We create our own luck
“The braver I am, the luckier I get.”
― Glennon Doyle, Untamed
Have you heard the saying, “luck is when preparation meets opportunity?” In business, at least, it’s true. However, opportunities won’t show up on your doorstep: you must go and get them. Make things happen for yourself.
New opportunities, hence luck, cannot be found in your comfort zone. You have to actively take risks. The risk of looking like a fool, of trying something new and not being very good at it, the risk of talking to someone new, the risk of knocking on doors, of traveling alone. Nothing new will ever happen in your comfort zone. You have to be brave.
What’s your story?
“Be careful with the stories you tell about yourself”.”
― Glennon Doyle, Untamed
Let’s say you meet a new person, and you introduce yourself. What do you say? Think about it. Is it something rather negative or positive?
When I quit my job to pursue writing, I felt very confused about what to say to my peers. Whenever someone would ask, “so what do you do?” I’d say something along the lines of, “oh, nothing. Nothing interesting. I’m taking a break.” It wasn’t the truth at all. I was working my ass off to build a business, but I was ashamed of telling my business school friends that I chose a more creative path. Afraid that they would judge me or look down on me, so I just said “nothing.”

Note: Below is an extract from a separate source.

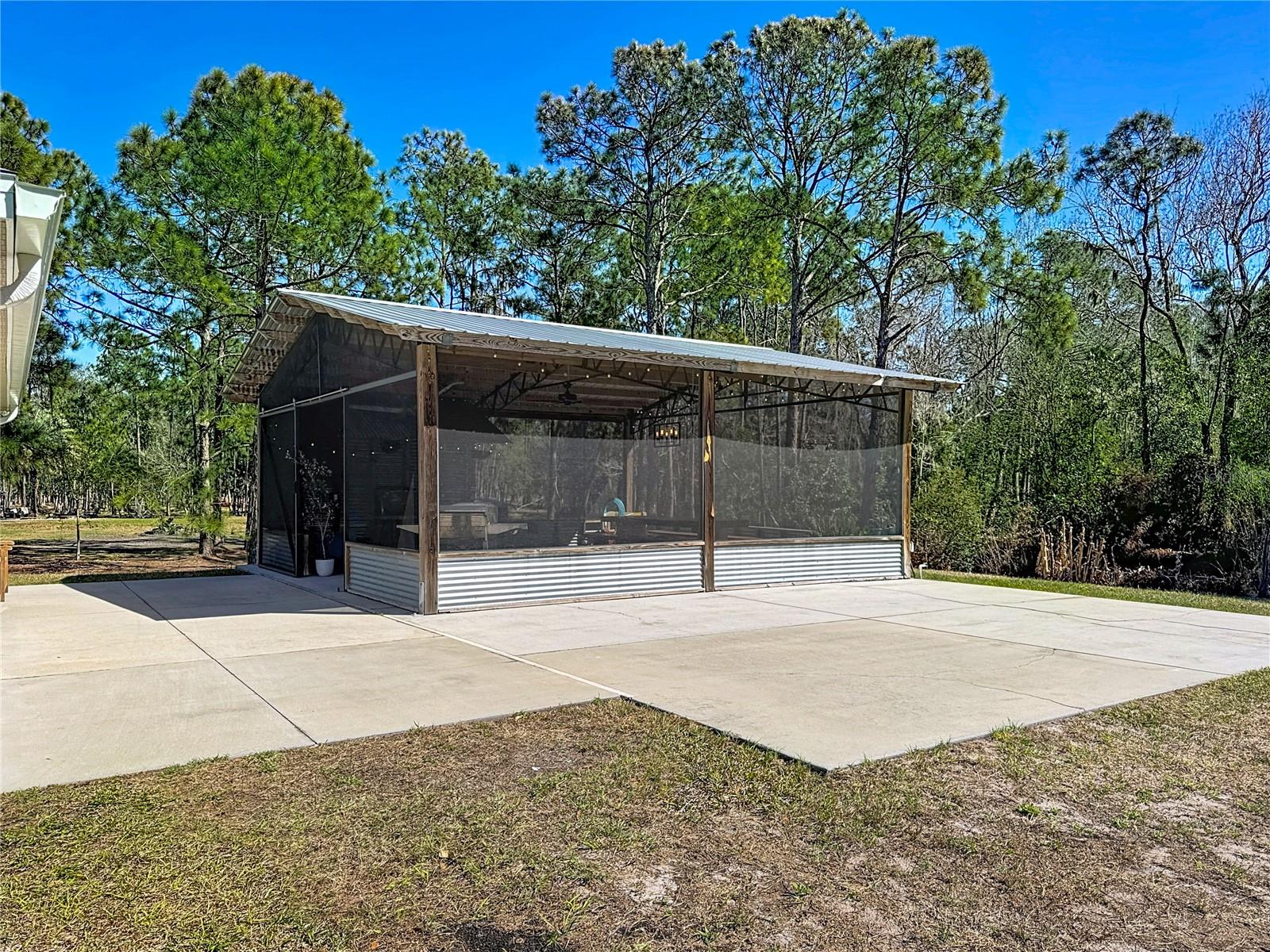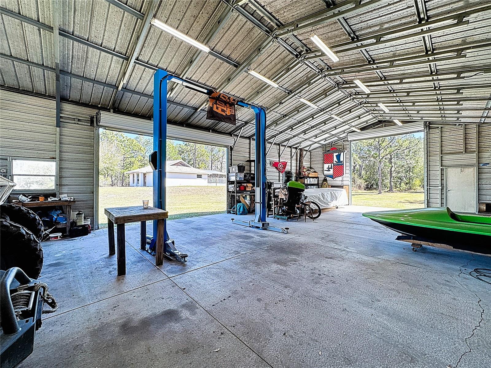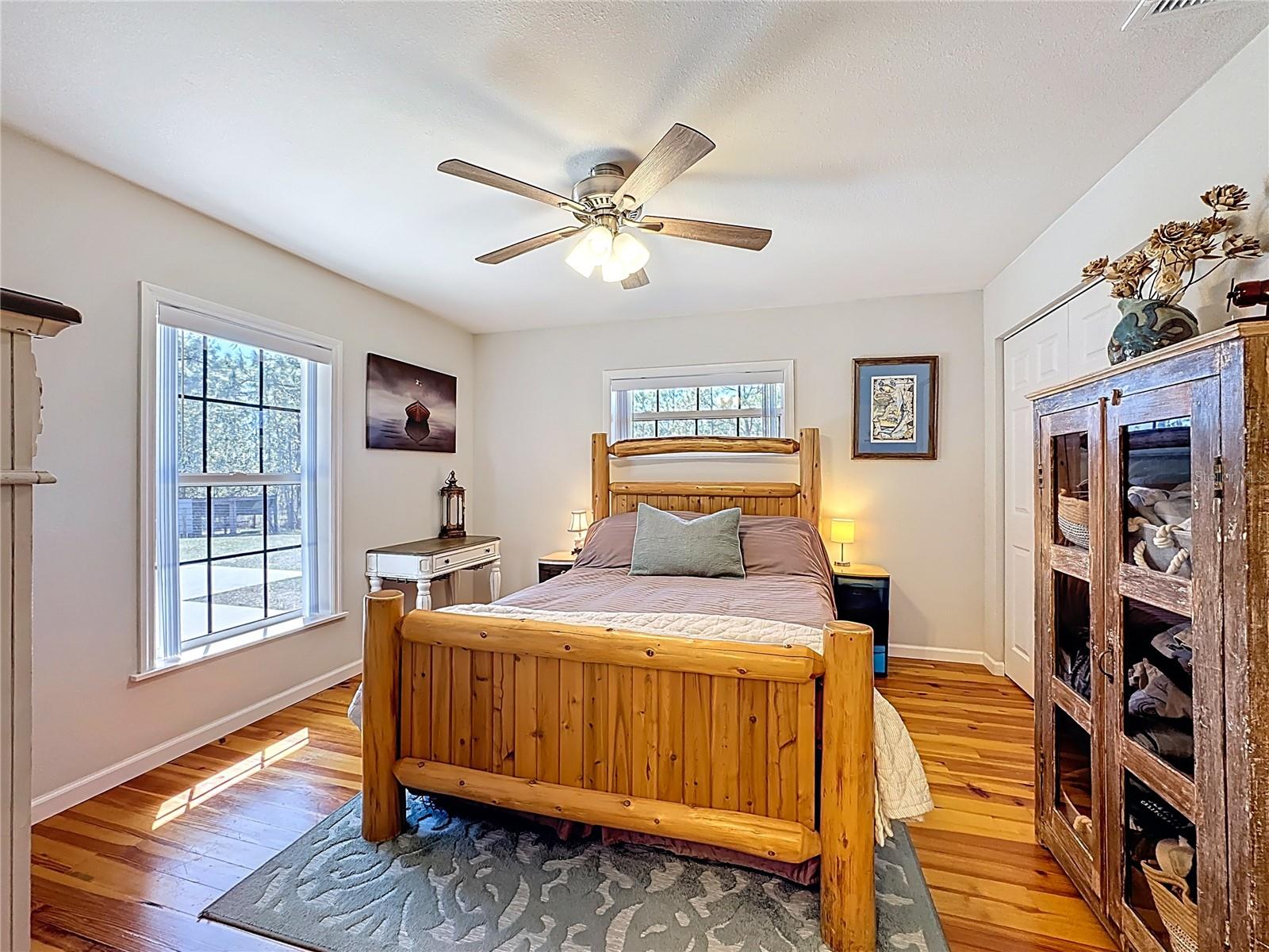 Well-maintained 2BR/2BA single-family home situated on 6.06 acres. Home offers 992 sq ft of living space with an updated kitchen and move-in ready condition. Interior features real solid hardwood floors sourced from a sawmill—not box store material—adding warmth and character throughout. Outstanding 60x30 detached metal building on concrete slab featuring a 12,000 lb 2-post lift (installed 2024), three roll-up doors (one on each end and one on side), and door clearance suitable for trailered boat or RV. Shop is equipped with water and ample power to support welder and compressor. Additional 30x30 detached screened patio with water and electric—ideal for entertaining or outdoor workspace. Property includes fenced area with medium-sized chicken house featuring automatic door and waterer. Mature woods with abundant wildlife and a stocked pond enhance the natural setting and recreational appeal. Ideal setup for hobbyist, mechanic, small business use, or those seeking private acreage with functional improvements.

This seems like it doesn’t have consequences, but trust me — it does. The stories you tell about yourself have a direct impact not only on how others see you but also on how you see yourself. Soon after telling this story, I would feel discouraged and lazy, so I decided to change it and tell the truth. People might judge me, yes, but at least I would be comfortable with myself.
My takeaway
The biggest lesson I learned from Untamed is to learn to please yourself first before you please others. Actually, don’t try to please others at all — just do your own thing. We are so often influenced by and afraid of what people think of us. Sometimes, it prevents us from living our life to the fullest and chasing our dreams. But we only have one life, and one person to please: ourselves.